To sum up, the Department of State previously issued passports reflecting applicants’ “new” status as male or female after gender reassignment surgery. After a policy change in 2010, the Department updated guidance to officers adjudicating passport applications with the directive that “[s]exual reassignment surgery is no longer a prerequisite for passport issuance” in an individual’s preferred gender. (http://www.state.gov/r/pa/prs/ps/2010/06/142922.htm)

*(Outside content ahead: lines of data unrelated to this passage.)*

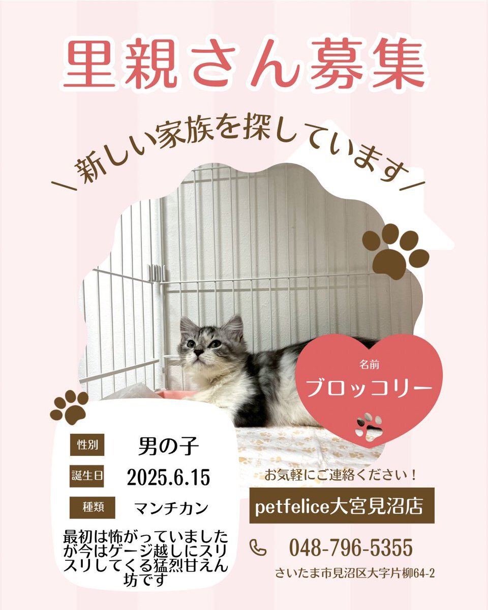 【里親様募集中🐾】 名前.▹ブロッコリー #マンチカン 2025.6.15 男の子 素敵なご縁がありますように(⁎ᴗ͈ˬᴗ͈⁎) ▶petfelice(ペットフェリーチェ) さいたま市見沼区大字片柳64-2 048-796-5355 #里親募集中 #埼玉 #見沼 #petfelice #保護猫 pic.x.com/WAZJemAayg
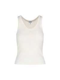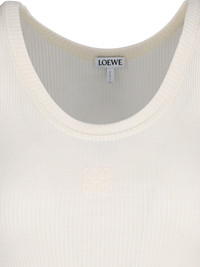 LOEWE 'ANAGRAM' WHITE RIBBED SILK TANK TOP WITH ROUND NECKLINE, THIN STRAPS, TONAL LOGO EMBROIDERY ON THE CHEST, STRAIGHT HEM. PRODUCT INFO PRODUCT CODE S540Y23X461950 COMPOSITION: 100% SILK SIZE AND FIT: REGULAR FIT MADE IN: PORTUGAL
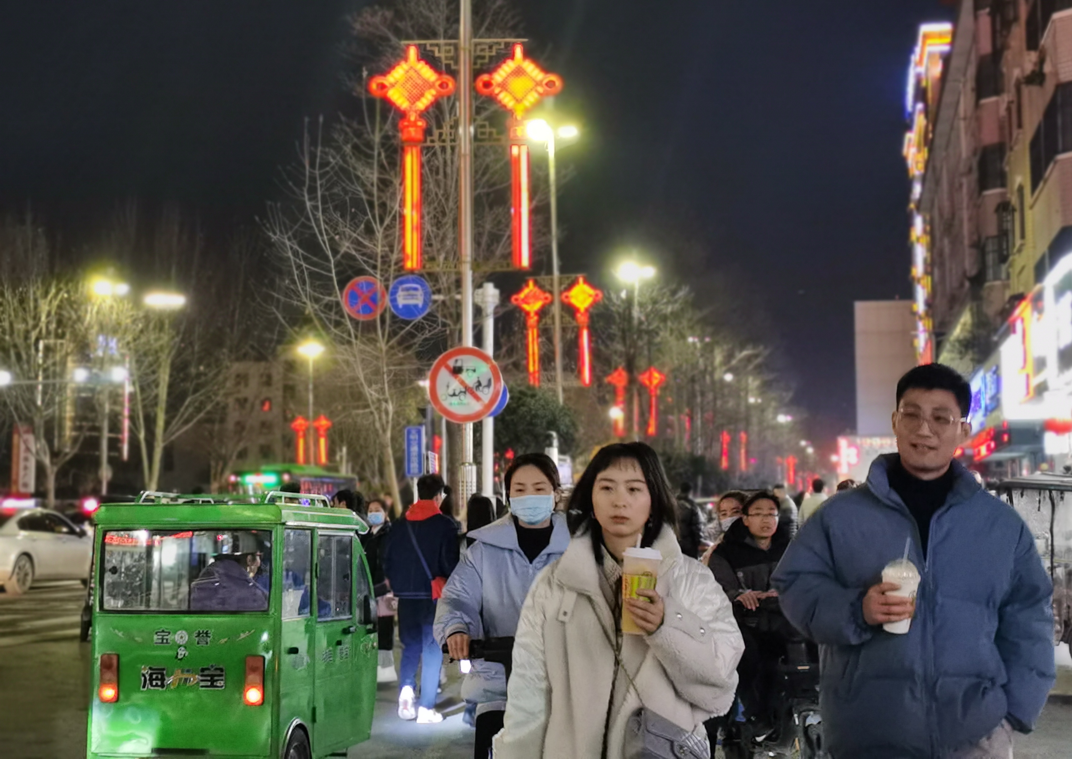 2021年春節(jié)將至,為給大家營(yíng)造愉悅、喜慶、歡樂(lè)的節(jié)日氛圍,中心城區(qū)七一路掛上了中國(guó)結(jié)造型的彩燈,兩邊的商店也在門(mén)口掛起了各種紅燈籠。夜幕降臨后,紅彤彤的燈籠亮起來(lái),街道變得絢麗多彩,把市區(qū)裝點(diǎn)得年味十足。②7
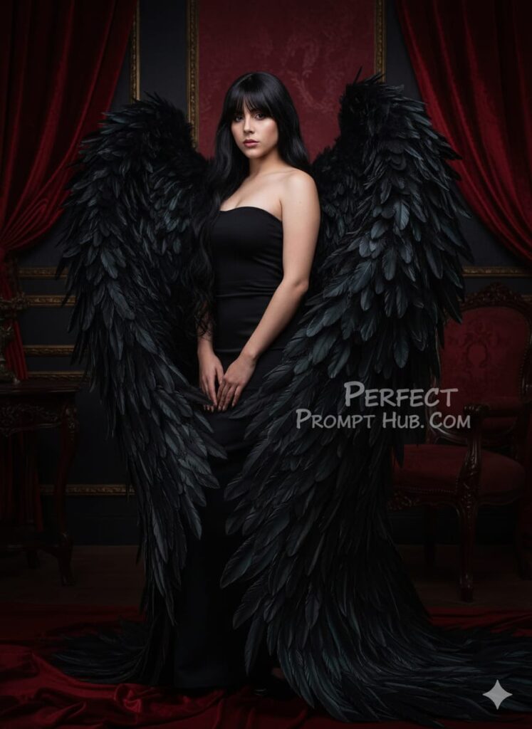 Based on my photo, create A stunning woman with the same face and long, wavy black hair as the model pictured above, unchanged, wearing a strapless black top, posing with voluminous and intricate black feather wings extending from her back and trailing down. Set in a dimly lit, red and black interior with a mysterious, gothic atmosphere, with no stairs or railings visible. Fashion Photography, Gothic Glamour Style. No changes to facial features, no necklace.
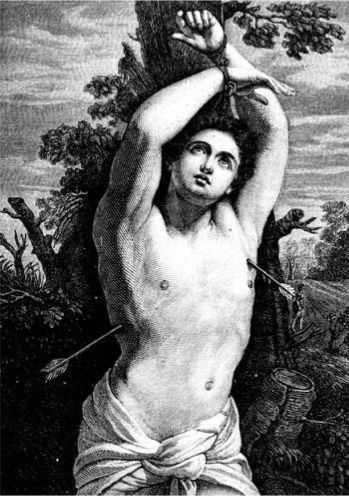 Казнь Себастьяна, преторианца личной охраны императора Диоклетиана, стала одной из излюбленных тем средневекового христианского искусства, что послужило пропаганде данного вида казни, редко использовавшегося на Западе. Себастьян избрал военную карьеру, отличился отвагой и вскоре стал одним из фаворитов Диоклетиана, который назначил его капитаном первой роты своей гвардии. Себастьян был тайным христианином, сумел обратить римского префекта Хроматия, а с ним и более полутора тысяч рабов. Себастьяна арестовали по приказу императора, привязали к столбу, изрешетили стрелами и оставили умирать. Христианка по имени Ирина пришла ночью, чтобы забрать тело, но увидела, что Себастьян еще жив, и вылечила его с помощью умелых врачей. Чудом исцелившийся Себастьян встал однажды на пути императора и упрекнул его в жестокости по отношению к христианам. Диоклетиан растерялся: «Не ты ли тот Себастьян, командир когорты, которого я приказал недавно пронзить стрелами?» – «Это я, мой господин, – ответил Себастьян, – и Бог даровал мне жизнь, чтобы обвинить тебя в злодеяниях». Диоклетиан приказал арестовать Себастьяна, забить палками до смерти и выкинуть тело в один из римских каналов для сброса нечистот.
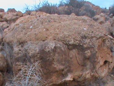 - بجانب هذه الصخرة وجدت صخرة تحمل جرن دائري يخرج منه سيال أو ما يشبه الحفر غير المنتضم يتجه في اتجاه الصخرة المشكوك في أمرها قطر هذا الجرن لا يتجاوز 15 صم حسب تقديري - نسيت أن أقيس قطره -
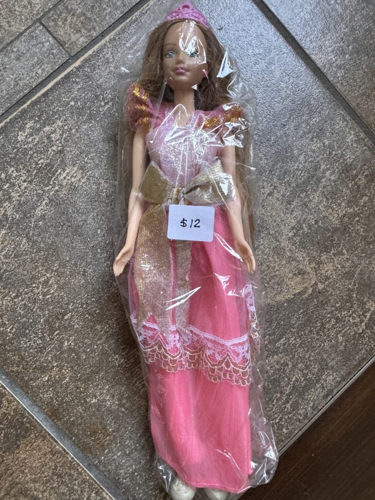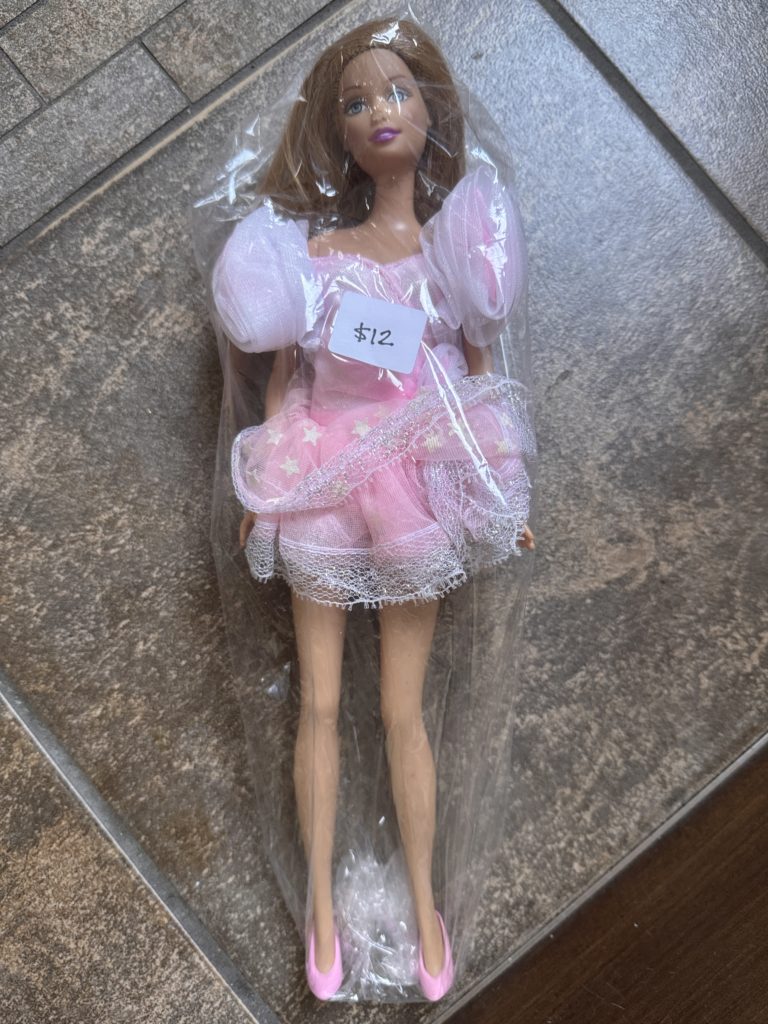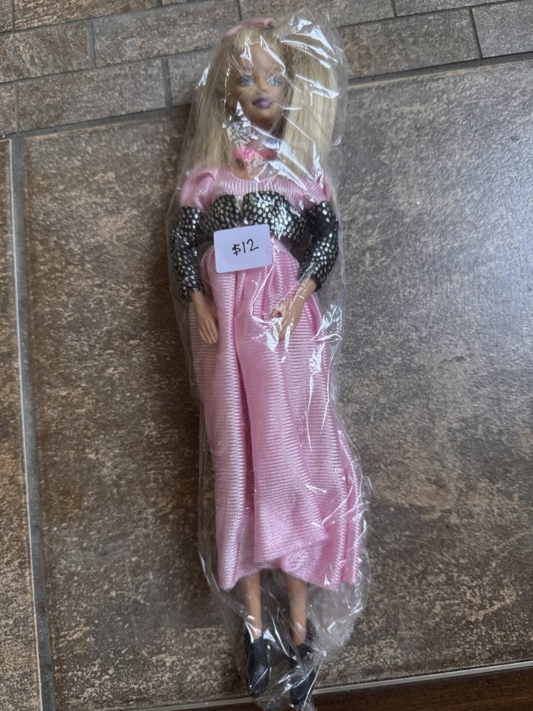 Barbie avec 5 articles : robe rose et noir, souliers noir et bijoux et accessoire de cheveux rose
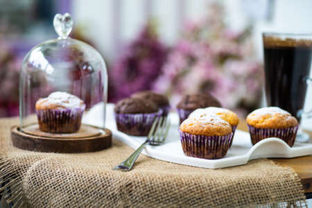 Fresh cupcake on the table baked at home. Delicious Breakfast fo
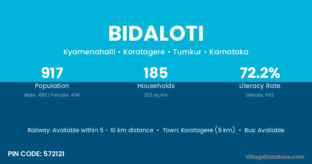 Koratagere (9 km) is the nearest town to Bidaloti village for major economic activities and is located approximately 9 km away.
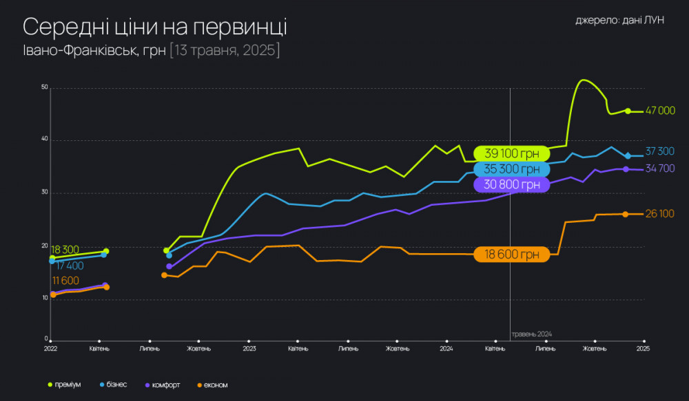 На середину травня 2025 року середня вартість первинки становить 35 700 грн/кв. м, за даними ЛУН.
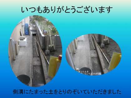 何年もの間にたまった土は,溝の中いっぱいにたまって,雨水等が流れずあふれることがしばしばありました。
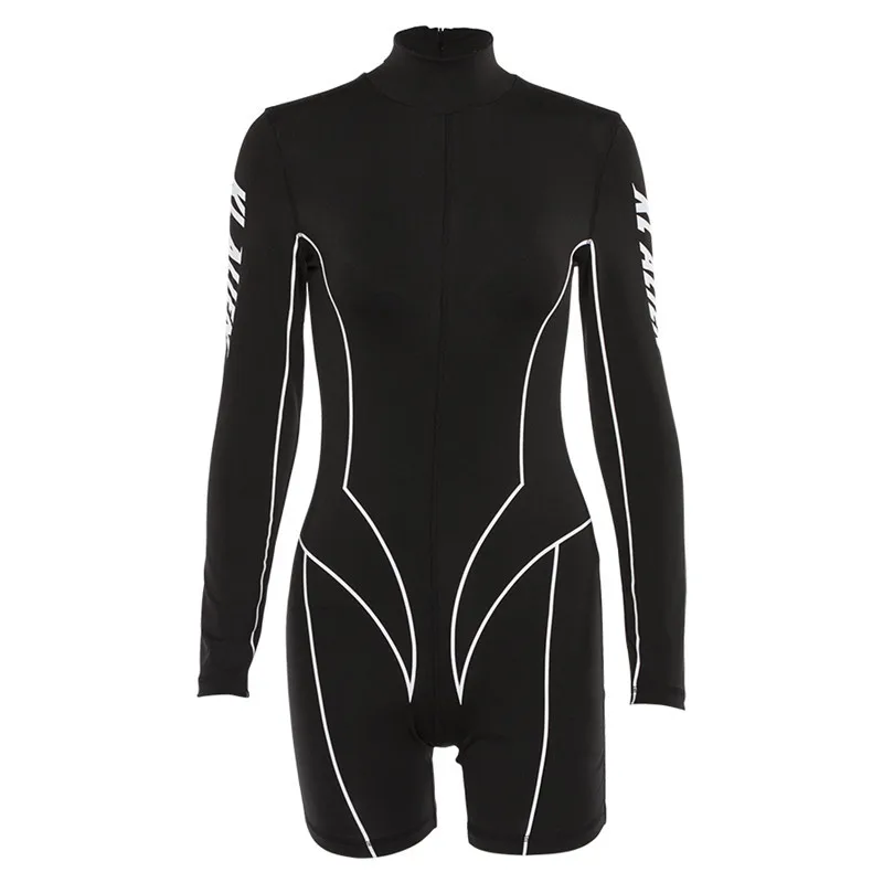 BEST 2019 women turtleneck full sleeve fitness playsuit white striped patchwork letter print push up ski
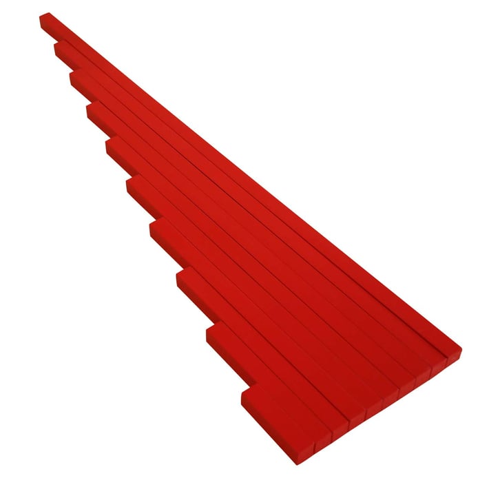 Montesori-material consisting of 10 red slats of 10 to 100 cm long. Each bar is longer than the previous one by 10 cm.

This may compel one to ask: Who gave State the idea that a person can choose their gender? For this, they relied on the guidance published by the World Professional Association for Transgender Health (WPATH, http://www.wpath.org), which is recognized by the American Medical Association as being the leading authority in this field. In essence, the Department has delegated rule-making authority to a privately run, single issue advocacy organization.
And according to WPATH, what evidence should be required to demonstrate that one has assumed a new gender? A note from a physician confirming the applicant’s new gender identity.
I suspect many who come across my blog may have substantive objections to the notion that a person can select their gender. I have a broader concern. The Department, by means of an agency-level order not subjected to legislative review, has created a legal right that is relatively novel in U.S. federal policy, which is the right to be treated as being whichever gender one selects. It will be interesting to see what kind of problems this will create for Consular Officers overseas. Will the Department’s officers also be expected to protest if host countries decline to recognize the chosen genders of such citizens?
There is another interesting question on the domestic policy front. If an applicant of draft age with female anatomy has declared themselves to be a male, will they eventually be required to register with Selective Service prior to procuring federal benefits? If we are going to start placing volunteers with female anatomy into combat arms formations, it would only seem fair that those citizens who choose to be “males” bear the same theoretical risk of involuntary conscription that the rest of us able-bodied men face.